Whether you are a data analyst, a data engineer, a data scientist, or someone who needs to analyze data and generate some value from it, this article will provide insights on how to connect Google Sheets to Snowflake data warehouse and improve your workflows using two methods.
Organizations rely heavily on data analysis to make informed decisions in today's data-driven world. Data warehousing and analytics platforms like Snowflake have become increasingly popular due to their scalability, ease of use, security, ease of integration, performance benefits, and cost-effectiveness.

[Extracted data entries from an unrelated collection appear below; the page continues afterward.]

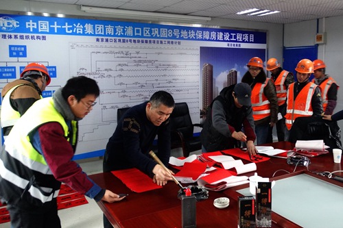 117上午,中国十七冶集团工会联合市工人文化宫组织市知名书法家到十七冶城建工程技术公司南京浦口区巩固8号地块保障房项目部进行春节前慰问活动,免费现场为一线员工书写、赠送春联。
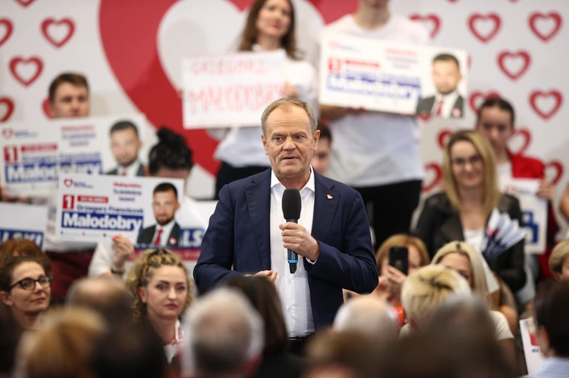 "Nie zrezygnujemy z 500 zł, które otrzymują rodzice drugiego dziecka do ukończenia przez nie 35 miesiąca życia. Rozszerzymy pomoc finansową także na pierwsze dziecko" - powiedział premier w środę na wyborczym spotkaniu w Krakowie.
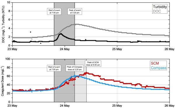 Following a rain event in the catchment, it can be seen in the upper chart that the raw water DOC began to increase slowly and at about 7:00 pm the turbidity also began to increase. While the turbidity peaked, and then reduced, the DOC continued to increase and peaked at 3:25 am. The lower chart shows that the Compass dose calculation increased and peaked at the same time as the DOC, while the SCM dose was slower to react, under dosing for around 6 hours, and peaked at 8:43 am, more than 5 hours after the peak in DOC. The SCM dose also took almost 2 days to return to the correct dose.
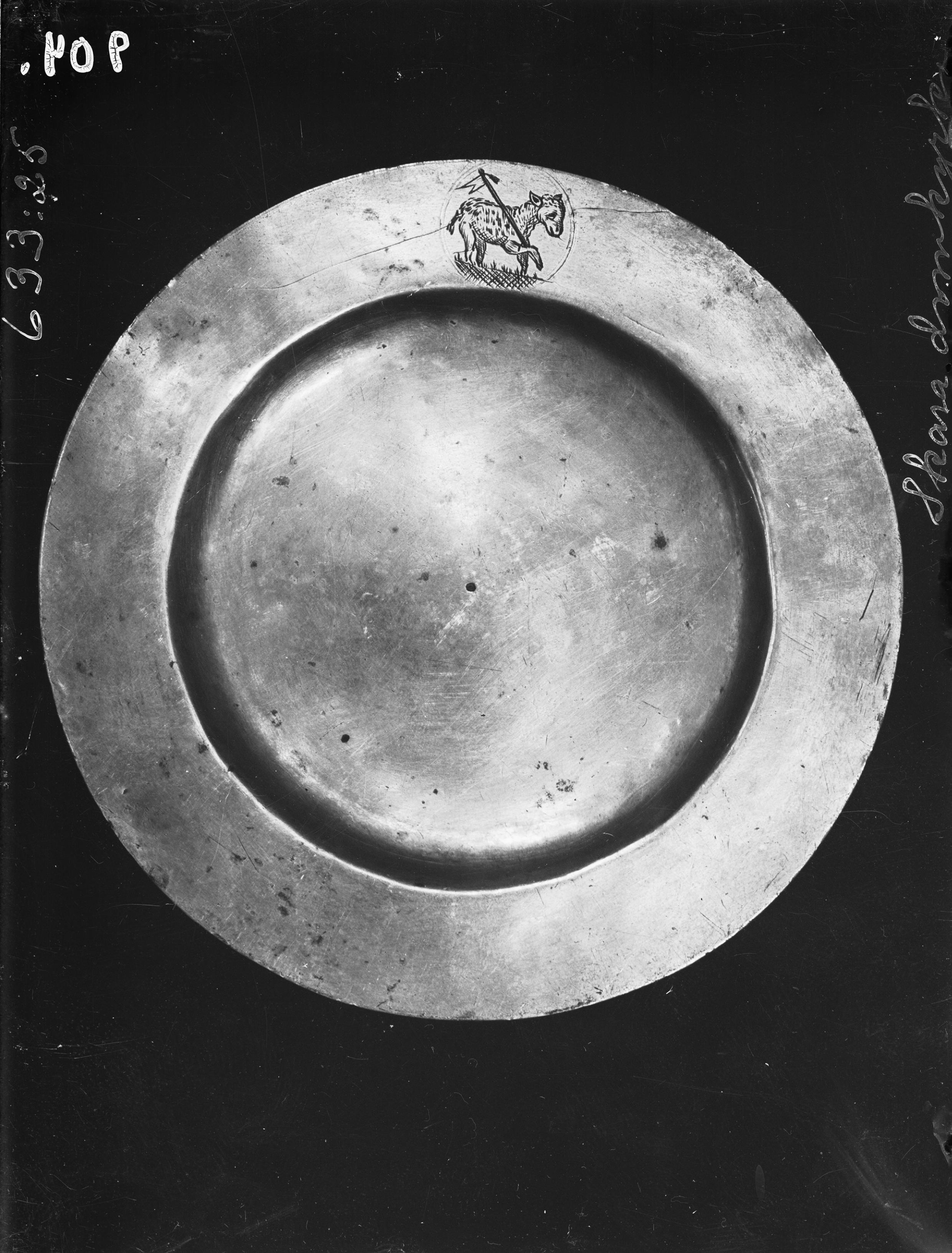 Patén, förgyllt silver, gravyr med stående Agnus Dei på brädden, 1545.

In modern-day data analysis, data can originate from various sources, including social media, IoT sensors, flat files, APIs, CSV files, and different transactional and analytical databases. Sometimes, data may even be in spreadsheet format, hosted on Google Sheets. Regardless of its source, this data has the potential to deliver significant business value to organizations. Therefore, it is crucial to conduct effective analysis and create value from it.
What is Snowflake?
Snowflake is a cloud-based data warehouse and analytics platform. Snowflake allows you to organize, store and analyze large amounts of data. This data could be both structured and unstructured.
Snowflake allows you to analyze and generate insights from all your data in one place. Snowflake is widely used and trusted by several organizations because of its…
Scalability
Snowflake’s architecture is highly scalable. Snowflake can scale with your data. Snowflake is highly effective when your data contains tens of rows to when your data contains millions of rows. This helps you store and analyze huge amounts of data in a fast and optimized manner.
Ease of use
Snowflake is very easy to get started with. It is very beginner friendly. It also has an encompassing documentation which makes it easy to learn.
Security
Snowflake is very secure. Snowflake takes security seriously. It provides data security features such as using AES-256 encryption, role-based access control, and audit control. Snowflake also provides data encryption when your data is in transit from one system to another. Hence, you can rest assured that your data is safe.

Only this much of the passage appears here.